## YOUR ASSIGNMENT
The response has to reproduce all entries exactly while excluding their pictures.

## SUPPLIED INFORMATION

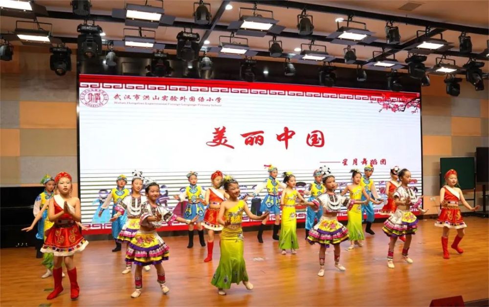 伴随动感的民族音乐,洪山实验外国语小学“星月”舞蹈团带来的舞蹈《美丽中国》,为本次活动拉开序幕。身着蒙古族、彝族、维吾尔族等民族服饰的同学们,用精彩表演展现了美丽中国的壮阔篇章。
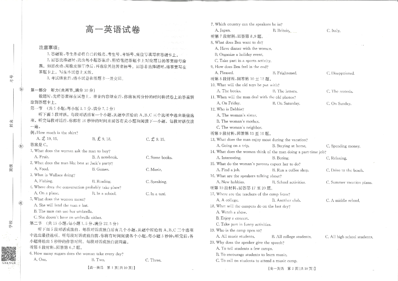 高一英语--江西省2025-2026学期高一上学期10月联考
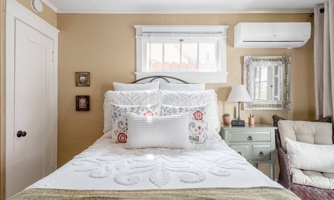 This cozy and remodeled casita offers a private entrance, quaint full kitchenette, and private patio/yard with grill. It features 580 sq. ft of living space, a restored vintage clawfoot soaker tub with shower combo, AC/heat, walk-in closet, private laundry, and streaming televisions with local channels in each bedroom. All three mattresses are very comfortable. Casita Gundry comfortably sleeps 1 to 3 adults, with a maximum occupancy of 5 guests (max occupancy may feel a bit snug.) Up to 2 pets allowed with pre-approval from host. For accurate pricing, please be sure to enter the correct stay dates, number of overnight guests and pets. Contactless check-in and accommodations. Using a virtual key, guests are welcome to self-check-in and access the casita’s smart lock through their own mobile phones. However, guests also have the option to be greeted by a host upon arrival. 2 driveway parking spaces (tandem/uncovered) exclusive to guests. There is no dedicated inside eating area. We encourage dining al fresco on the private garden patio. Since neighborhood is residential, there is a 10 pm noise curfew. No smoking inside. No parties. Compliant with enhanced cleaning, disinfecting, and hosting reservation guidelines. Local points of interest and recommendations can be found in the Casita Gundry Home Manual. If any concerns, carefully study floor plan of Casita Gundry provided at time of booking and feel free to reach out to the on-site host (Lars) for local tips/recommendations or with questions.
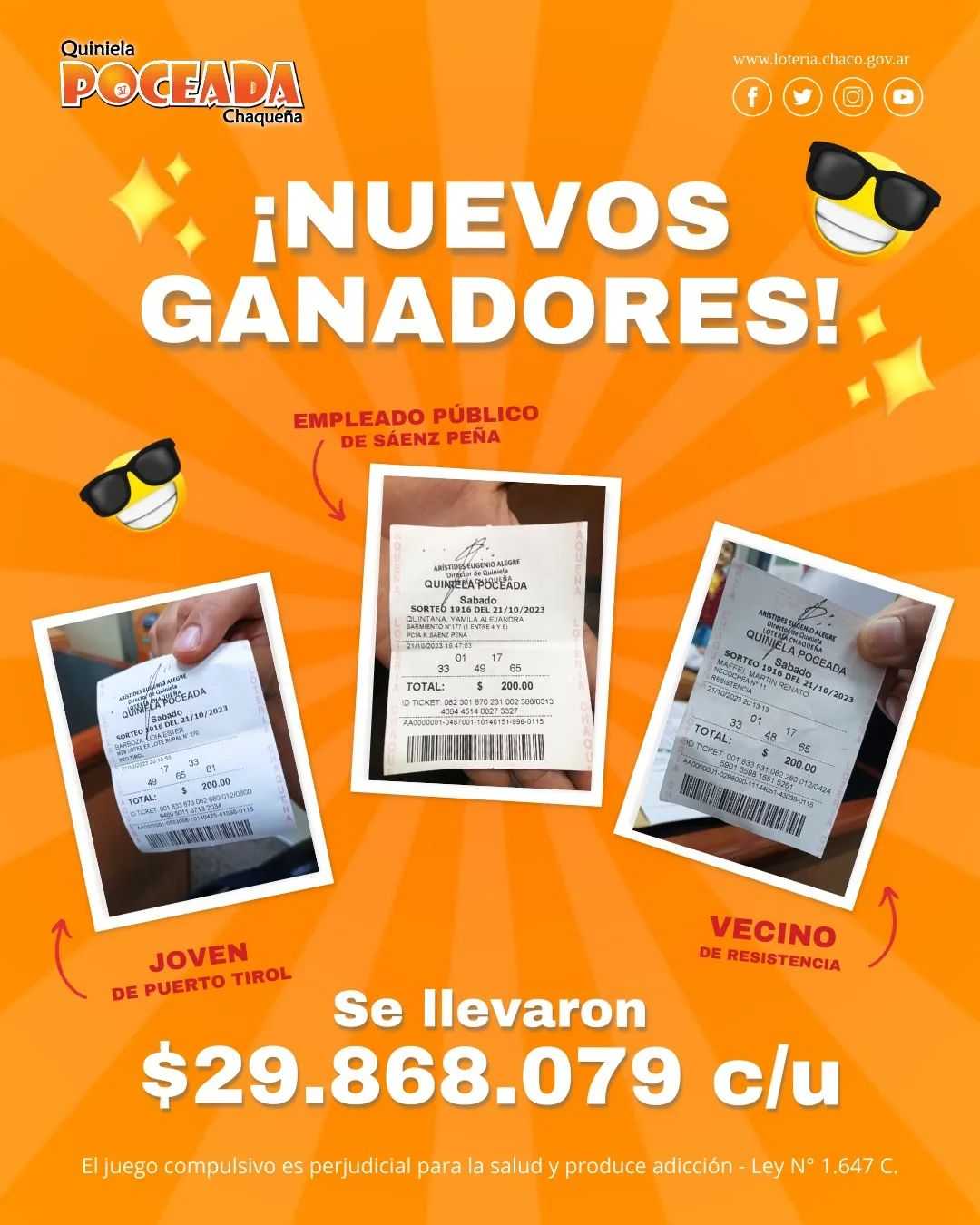 De esta manera, se repartieron un premio de $89.604.237, uno de los más importantes de la Quiniela Poceada durante este año, según informaron desde las redes de Lotería Chaqueña. Así, cada uno de ellos se llevó una suma total de $29.868.079.
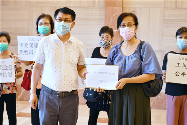 選管會派代表 (前排左一 ) 接收柴灣居民請願信 。
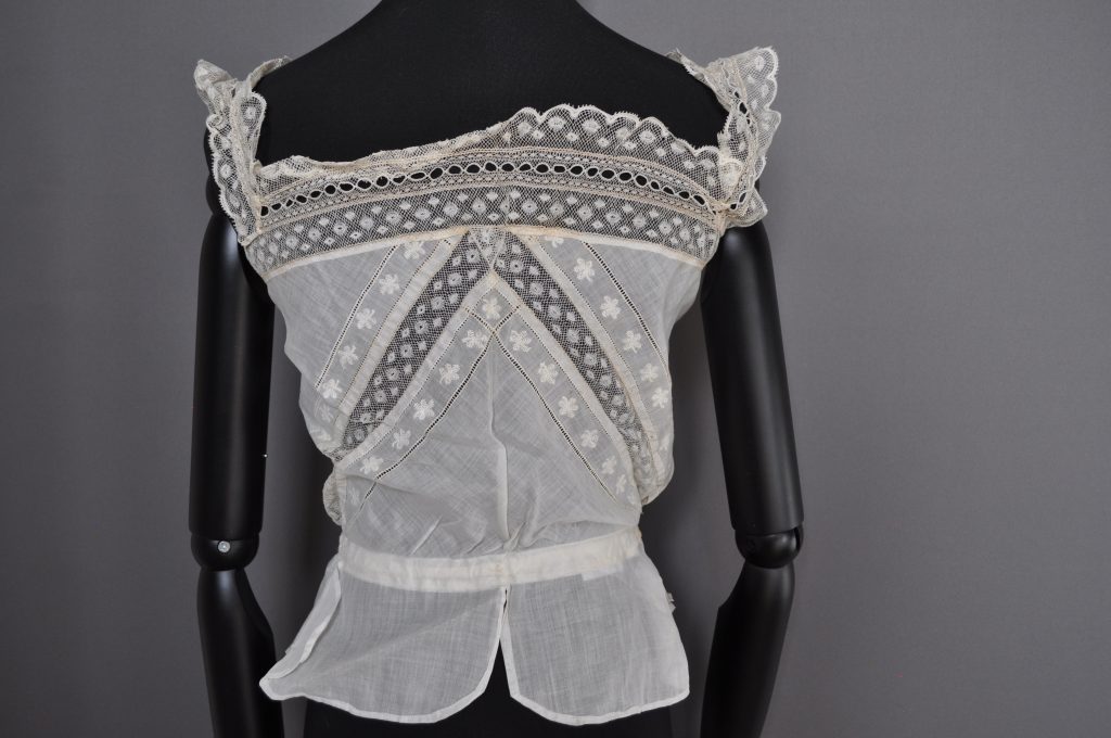 corset cover with inserted lace bodice, lace straps, and waist tie
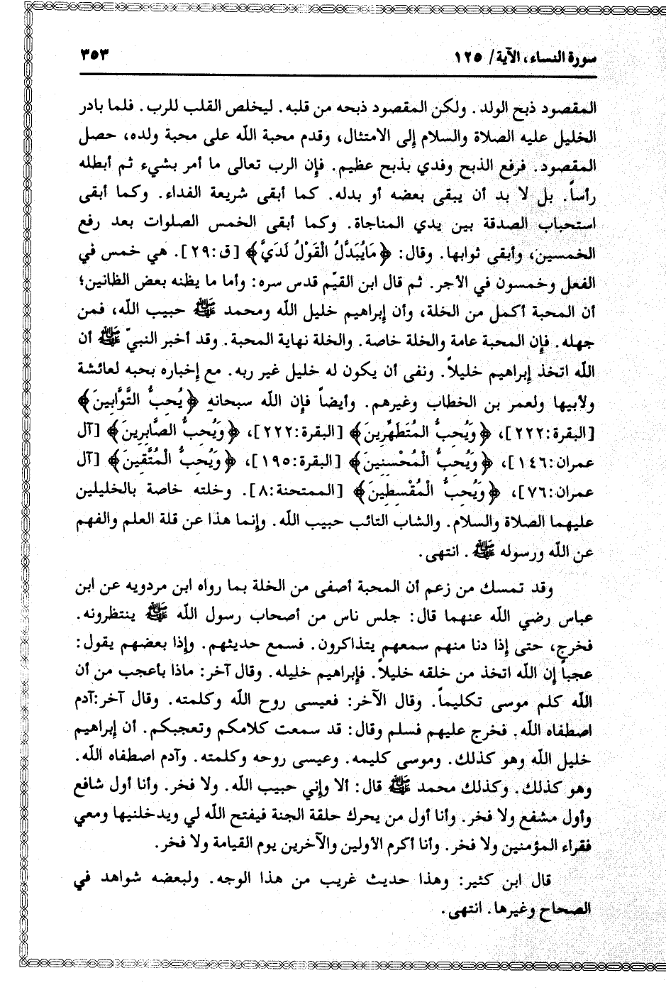 المقصود ذبح الولد. ولكن المقصود ذبحه من قلبه. ليخلص القلب للرب. فلما بادر الخليل عليه الصلاة والسلام إلى الامتثال، وقدم محبة الله على محبة ولده، حصل المقصود. فرفع الذبح وفدي بذبح عظيم. فإن الرب تعالى ما أمر بشيء ثم أبطله رأسا. بل لا بد أن يبقى بعضه أو بدله. كما أبقى شريعة الفداء. وكما أبقى استحباب الصدقة بين يدي المناجاة. وكما أبقى الخمس الصلوات بعد رفع الخمسين، وأبقى ثوابها. وقال: ما يُبَدَّلُ الْقَوْلُ لَدَيَّ [ق: 29] . هي خمس في الفعل وخمسون في الأجر. ثم قال ابن القيّم قدس سره: وأما ما يظنه بعض الظانين أن المحبة أكمل من الخلة، وأن إبراهيم خليل الله ومحمد صلى الله عليه وسلم حبيب الله، فمن جهله. فإن المحبة عامة والخلة خاصة. والخلة نهاية المحبة. وقد أخبر النبيّ صلى الله عليه وسلم أن الله اتخذ إبراهيم خليلا. ونفى أن يكون له خليل غير ربه. مع إخباره بحبه لعائشة ولأبيها ولعمر بن الخطاب وغيرهم. وأيضا فإن الله سبحانه يُحِبُّ التَّوَّابِينَ [البقرة: 222] ، وَيُحِبُّ الْمُتَطَهِّرِينَ [البقرة: 222] ، ويُحِبُّ الصَّابِرِينَ [آل عمران: 146] ، ويُحِبُّ الْمُحْسِنِينَ [البقرة: 195] ، ويُحِبُّ الْمُتَّقِينَ [آل عمران: 76] ، ويُحِبُّ الْمُقْسِطِينَ [الممتحنة: 8] . وخلته خاصة بالخليلين عليهما الصلاة والسلام. والشاب التائب حبيب الله. وإنما هذا عن قلة العلم والفهم عن الله ورسوله صلى الله عليه وسلم. انتهى.

## EXERCISE ANSWER
 伴随动感的民族音乐,洪山实验外国语小学“星月”舞蹈团带来的舞蹈《美丽中国》,为本次活动拉开序幕。身着蒙古族、彝族、维吾尔族等民族服饰的同学们,用精彩表演展现了美丽中国的壮阔篇章。
 高一英语--江西省2025-2026学期高一上学期10月联考
 This cozy and remodeled casita offers a private entrance, quaint full kitchenette, and private patio/yard with grill. It features 580 sq. ft of living space, a restored vintage clawfoot soaker tub with shower combo, AC/heat, walk-in closet, private laundry, and streaming televisions with local channels in each bedroom. All three mattresses are very comfortable. Casita Gundry comfortably sleeps 1 to 3 adults, with a maximum occupancy of 5 guests (max occupancy may feel a bit snug.) Up to 2 pets allowed with pre-approval from host. For accurate pricing, please be sure to enter the correct stay dates, number of overnight guests and pets. Contactless check-in and accommodations. Using a virtual key, guests are welcome to self-check-in and access the casita’s smart lock through their own mobile phones. However, guests also have the option to be greeted by a host upon arrival. 2 driveway parking spaces (tandem/uncovered) exclusive to guests. There is no dedicated inside eating area. We encourage dining al fresco on the private garden patio. Since neighborhood is residential, there is a 10 pm noise curfew. No smoking inside. No parties. Compliant with enhanced cleaning, disinfecting, and hosting reservation guidelines. Local points of interest and recommendations can be found in the Casita Gundry Home Manual. If any concerns, carefully study floor plan of Casita Gundry provided at time of booking and feel free to reach out to the on-site host (Lars) for local tips/recommendations or with questions.
 De esta manera, se repartieron un premio de $89.604.237, uno de los más importantes de la Quiniela Poceada durante este año, según informaron desde las redes de Lotería Chaqueña. Así, cada uno de ellos se llevó una suma total de $29.868.079.
 選管會派代表 (前排左一 ) 接收柴灣居民請願信 。
 corset cover with inserted lace bodice, lace straps, and waist tie
 المقصود ذبح الولد. ولكن المقصود ذبحه من قلبه. ليخلص القلب للرب. فلما بادر الخليل عليه الصلاة والسلام إلى الامتثال، وقدم محبة الله على محبة ولده، حصل المقصود. فرفع الذبح وفدي بذبح عظيم. فإن الرب تعالى ما أمر بشيء ثم أبطله رأسا. بل لا بد أن يبقى بعضه أو بدله. كما أبقى شريعة الفداء. وكما أبقى استحباب الصدقة بين يدي المناجاة. وكما أبقى الخمس الصلوات بعد رفع الخمسين، وأبقى ثوابها. وقال: ما يُبَدَّلُ الْقَوْلُ لَدَيَّ [ق: 29] . هي خمس في الفعل وخمسون في الأجر. ثم قال ابن القيّم قدس سره: وأما ما يظنه بعض الظانين أن المحبة أكمل من الخلة، وأن إبراهيم خليل الله ومحمد صلى الله عليه وسلم حبيب الله، فمن جهله. فإن المحبة عامة والخلة خاصة. والخلة نهاية المحبة. وقد أخبر النبيّ صلى الله عليه وسلم أن الله اتخذ إبراهيم خليلا. ونفى أن يكون له خليل غير ربه. مع إخباره بحبه لعائشة ولأبيها ولعمر بن الخطاب وغيرهم. وأيضا فإن الله سبحانه يُحِبُّ التَّوَّابِينَ [البقرة: 222] ، وَيُحِبُّ الْمُتَطَهِّرِينَ [البقرة: 222] ، ويُحِبُّ الصَّابِرِينَ [آل عمران: 146] ، ويُحِبُّ الْمُحْسِنِينَ [البقرة: 195] ، ويُحِبُّ الْمُتَّقِينَ [آل عمران: 76] ، ويُحِبُّ الْمُقْسِطِينَ [الممتحنة: 8] . وخلته خاصة بالخليلين عليهما الصلاة والسلام. والشاب التائب حبيب الله. وإنما هذا عن قلة العلم والفهم عن الله ورسوله صلى الله عليه وسلم. انتهى.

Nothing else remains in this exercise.